Liputan6.com, Jakarta - Direktur Operasional Lion Air, Capt Daniel Putut angkat suara mengenai besaran gaji pilot Lion Air yang dilaporkan ke Badan Penyelenggara Jaminan Sosial (BPJS) Ketenagakerjaan hanya mencapai Rp 3,7 juta per bulan.
Lion Air menyebut bahwa informasi tersebut tidaklah benar. "Ya saya tanya ada yang mau enggak pilot digaji segitu? seperti itu?" katanya saat ditemui di Bandara Soekarno-Hatta, Tanggerang, Minggu (4/11).
Advertisement
Baca Juga
Daniel mengatakan apabila data yang dilaporkan memang jumlahnya demikian, pihaknya pun pasti akan menolaknya. Apalagi untuk besaran gaji pilot Lion Air yang setiap bulannya, Daniel mengaku memiliki daftarnya sendiri.
"(Sebetulnya tidak segitu?) Iya enggak segitu," kata Daniel.

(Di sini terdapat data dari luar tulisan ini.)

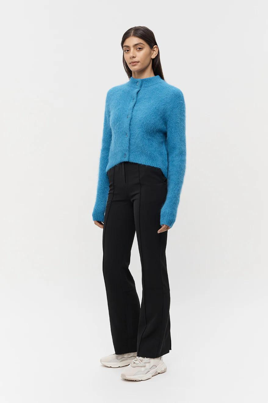 A fluffy cardigan, knitted from a luxe, soft to touch Alpaca blend yarn. Featuring monochrome button detailing for a seamless finish. A versatile piece designed for multi-styling possibility.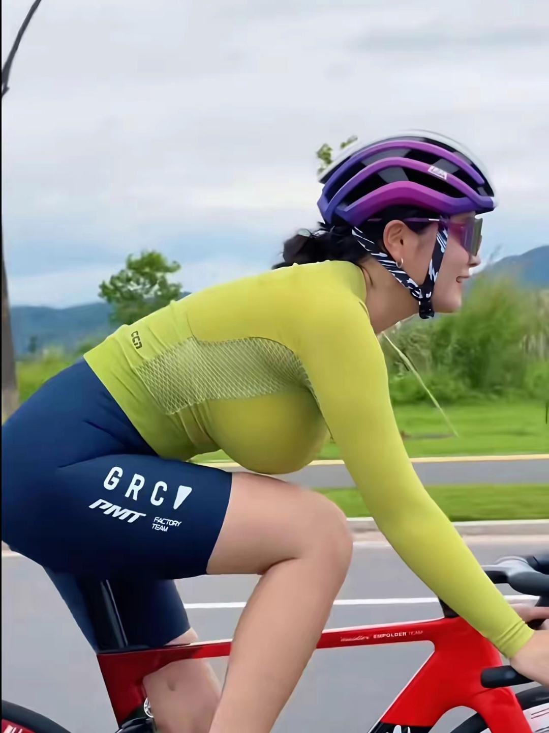 姐姐骑行时的风采太迷人!亮黄上衣贴合身姿,尽显健康活力,深蓝短裤勾勒优美腿部线条,运动中更显紧致。头戴紫黑头盔,侧颜精致,专注骑车的样子,将力量与优雅完美融合。身后青山、身前公路,她如追风精灵,动感身姿与自然相融,这充满活力的美,真叫人眼前一亮,魅力值直接拉满!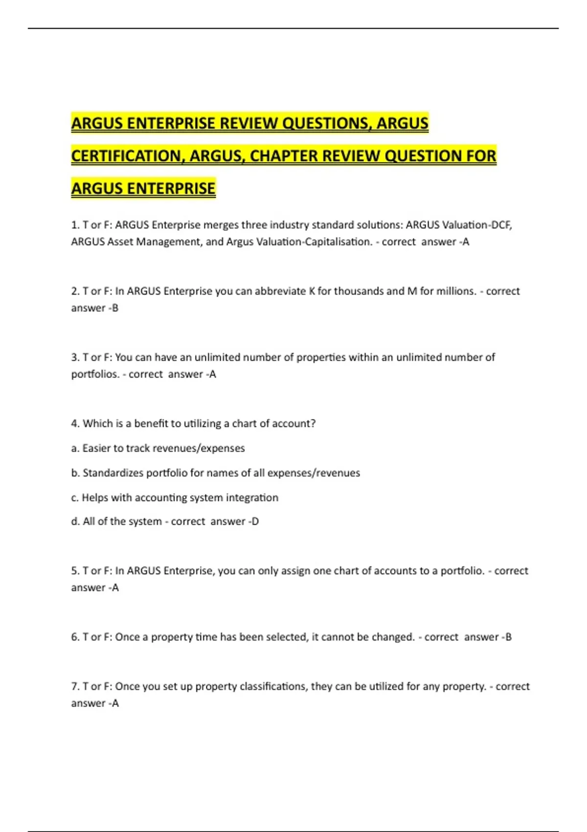 ARGUS ENTERPRISE REVIEW QUESTIONS, ARGUS

Sementara itu, saat disinggung mengenai besaran gaji yang diperkirakaan mencapai ratusan juta dirinya pun tidak menjawab. "No comment," pungkasnya.
Sebelumnya, Direktur Utama Badan Penyelenggara Jaminan Sosial (BPJS) Ketenagakerjaan, Agus Susanto membeberkan jumlah dana yang didapat pegawai Lion Air, korban jatuhnya pesawat berseri JT 610 di Perairan Karawang.
Nyatanya, ada dugaan tidak keseluruhannya mendapatkan asuransi yang sesuai. Hal itu diketahui saat membandingkan besaran gaji antara pilot dan co-pilot.
"Sebesar Rp 3,7 juta, pilot. Co-pilotnya Rp 20 juta," tutur Agus di Rumah Sakit (RS) Bhayangkara Polri Kramat Jati, Jakarta Timur, Rabu (31/10/2018).
Â
Laporan dari Lion Air
Menurut Agus, BPJS Ketenagakerjaan menerima nominal tersebut dari pihak Lion Air langsung. Termasuk catatan gaji pramugari sebesar Rp 3,6 juta sampai dengan Rp 3,9 juta.
"Tentunya kita bertanya, kenapa sih masa gaji nya segitu. Demikian dasar untuk memberikan manfaat (dana) itu berdasarkan upah yang dilaporkan itu," jelas dia.
BPJS Ketenagakerjaan sendiri memberikan dana kepada pegawai yang menjadi korban jatuhnya pesawat Lion Air sebesar gaji yang dilaporkan dikalikan 48. Dengan kalkulasi itu, si pilot hanya mendapatkan sekitar Rp 177 juta.
"Jadi kalau gajinya Rp 30 juta hanya dilaporkan Rp 3 juta, artinya si karyawan ini dirugikan. Seharusnya menerima 48 dikali Rp 30 juta. Ternyata hanya menerima 48 dikali Rp 3 juta," lanjut Agus.
Ada sejumlah perusahaan yang disinyalir melakukan praktik serupa. Alasannya diduga karena perusahaan menganggap pembayaran premi sebagai beban keuangan. Setiap besaran gaji karyawan, perusahaan harus mengeluarkan sebesar 5,7 persen dari upah tersebut per bulan ke BPJS Ketenagakerjaan.
"Yang membayar premi perusahaan. Jadi kan perusahaan bayar preminya tiap bulan. Kalau laporannya gede, kan yang dibayarkan ke BPJS juga besar. Tapi sebenarnya itu hak karyawan. Misalnya gajinya Rp 100 juta, terus yang dilaporkan hanya Rp 3 juta. Tapi kehilangan 5,7 persen dikali Rp 97 juta setiap bulan itu hilang," tandasnya.